AUTH_MIGRATION_STRATEGY.md — DemozPay

Companion to AUTH_SYSTEM_REVIEW.md, AUTH_RISK_MATRIX.md, LONG_TERM_IAM_ARCHITECTURE.md. Two tracks: Track 1 — Better Auth stays (isolate + harden). Track 2 — Replace later (phased, triggered).

The chosen path is Track 1 now, Track 2 only on a trigger (triggers in LONG_TERM_IAM §4).
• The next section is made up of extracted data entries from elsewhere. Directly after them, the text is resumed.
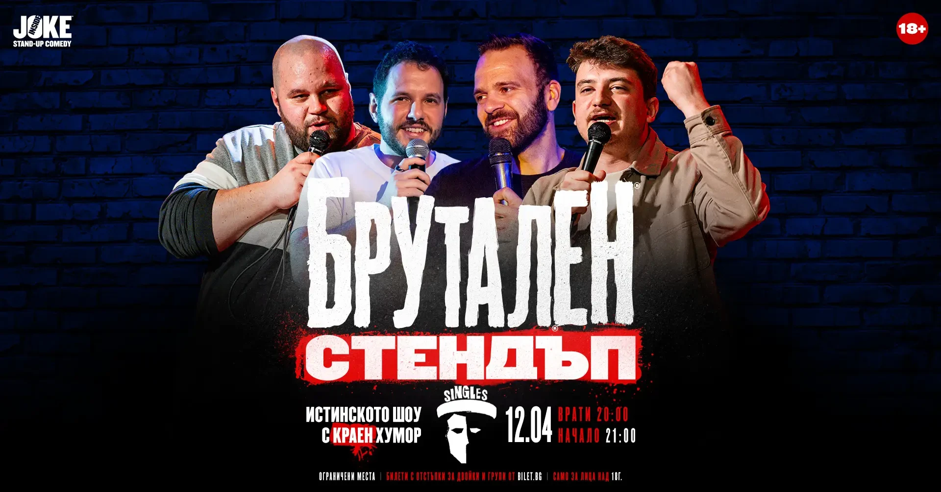 Не пропускайте тази скандална вечер с мастити комедианти и черен хумор за ценители - само на 12 април, само в клуб SINGLES (НДК, вход А4)
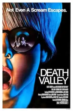Death Valley is a 1982 American slasher film[4][5] directed by Dick Richards, written by Richard Rothstein, and starring Paul Le Mat, Catherine Hicks, Stephen McHattie, Wilford Brimley, Peter Billingsley, and Edward Herrmann. Its plot focuses on a young boy who accompanies his mother and her new boyfriend on a road trip through the Death Valley National Park, where they are unwittingly targeted by a serial killer.
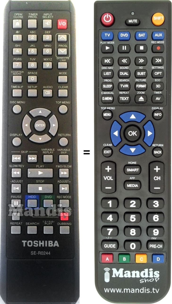 Below, we will show you the correspondence between each button on the original remote control and the button that performs the same function on the replacement remote control. In some cases, you may need to press the SHIFT key before pressing another button to perform certain actions. These additional functions are often not widely used and are included to facilitate understanding of the replacement remote control, or because the original remote control has more buttons than its equivalent.
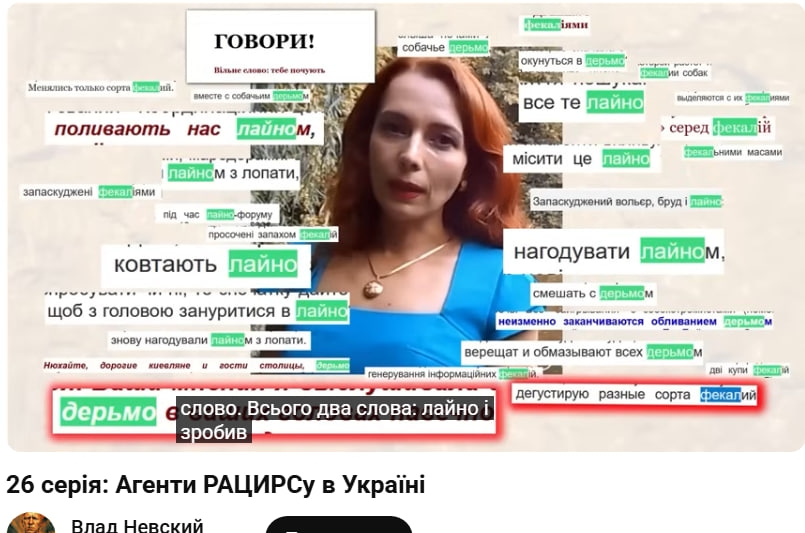 Українці зробили колаж із цих слів, зібрав докупи, щоб ви змогли роздивитися всю палітру коричневих барв, де слова чи словосполучення взято з публікації Кременовської та Святогора на сайті «Вільне слово» — усе звідти, нічого не вигадав. Це вже не смішно реально. Та й справді, РАЦИРС - секта копрофілів.

Track 1 is also the prerequisite that makes Track 2 cheap — do it regardless.

Track 1 — Better Auth remains: isolate safely + avoid lock-in

1.1 What to abstract NOW (the lock-in firebreak)

Build packages/shared/identity with three vendor-neutral ports, and confine every better-auth import to a single adapter file:

Port	Contract	Replaces today's coupling
`IdentityProvider`	`resolveSession(headers) → Principal \| null`, `verifyOtp(...)`, `signOut(...)`	`session.middleware.ts` importing `better-auth/node`; `getSession()` calls
`AuthorizationService`	`can(principal, action, resource, ctx) → boolean`	hard-coded role checks in `org-role.guard.ts`
`AuthEventSink`	`record(authEvent)` (append-only, hash-chained)	(new — nothing today)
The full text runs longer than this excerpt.